I’m doing more research now because with my early work I would have something pop up in my head. For example, something that my grandparents might have said, or my mum might have said, and I would just get it down onto paper. Now however, I’m almost slowing myself down. I’m really thinking about the things that were said, and then I go and research more about the issue. I’m really getting into all the history programmes that are currently on BBC iPlayer. I tend to watch a lot of David Olusoga documentaries, and there’s a lot of free courses available through Future Learn. They’ve been running a lot of courses on black people during the Tudor era.  When people think about the black presence in Britain, they think about slavery and then later on Windrush. They don’t often think about what came in-between.

A book that I’m reading at the moment is Black Tudors: The Untold Story, by Miranda Kaufmann. London was obviously very small in the Tudor times, and if you’ve got a big minority like that and they’re settling in London and having children, the black presence in London especially was actually a lot bigger than people believe.

I also enjoy people-watching and studying people’s features and working out people’s hidden heritage. It’s quite interesting when you speak to people who can retrace their ancestral line, it’s just amazing. Once I know more about the image in my head that I want to get down, it really does help me to produce more of my better artwork.  

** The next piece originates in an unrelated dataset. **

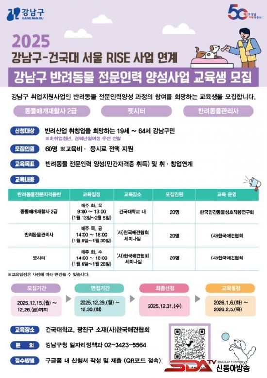 ±³À° °úÁ¤Àº µ¿¹°¸Å°³ÀçȰ»ç 2±Þ, ¹Ý·Áµ¿¹°°ü¸®»ç, Æê½ÃÅÍ µî 3°³ °úÁ¤ÀÌ´Ù. ±³À° ´ë»óÀº ¸¸ 19¼¼ ÀÌ»ó 64¼¼ ÀÌÇÏ °³²±¸ °ÅÁÖÀÚÀ̸ç, °¢ °úÁ¤´ç 20¸í¾¿ ÃÑ 60¸íÀ» ¼±¹ßÇÑ´Ù. ±³À°Àº °Ç±¹´ëÇб³°¡ ¸Ã°í, ¼¿ïÇü ¶óÀÌÁî(RISE) »ç¾÷°ú ¿¬°èÇØ ÁøÇàÇÑ´Ù.

Elmina, A. Maria Raithatha

 

Is there an artwork that you’re most proud of?

Hidden History.

This piece actually came about quite quickly, it was literally about getting it down on paper. The piece was inspired by a holiday that we took in St. Kitts. In the capital, there’s a place called Independence Square where people can sit, it’s a really lovely place to be. It wasn’t until later on that I realised that it was where they used to sell the slaves. It’s a tourist spot now, but it gave me this really weird feeling. If you go on Trip Advisor it will suggest it as a nice place to go and relax, but the place is drenched in blood and tears. There’s lots of places like that in St. Kitts, and all over the Caribbean.

 

Image: A. Maria Raithatha

 

Obviously, I like watching all of these history programmes, but if you go to the museum there’s loads of artefacts from the Vikings and any invasion that happened in this country. If you try to find anything from slavery or from the black presence in Britain, it’s hard to find. There’s isn’t many people digging up parts of the Caribbean to do research, there doesn’t seem to be much effort being made to find out how people used to live, or what their names were. I know it’s hard because the people there were treated as not human, so there wasn’t much kept but there needs to be more research done. We need to find names of people, so people like myself can hold onto them and acknowledge that they made it through. They’re the people that I want to know about, they’re the successes that I want to know about.

What does success look like to you as an artist, and how do you see yourself developing in the future?

Success for me is to keep going, and hopefully to make other people think. I hope there will also be people who have way more influence than I do, taking this message on and doing it better.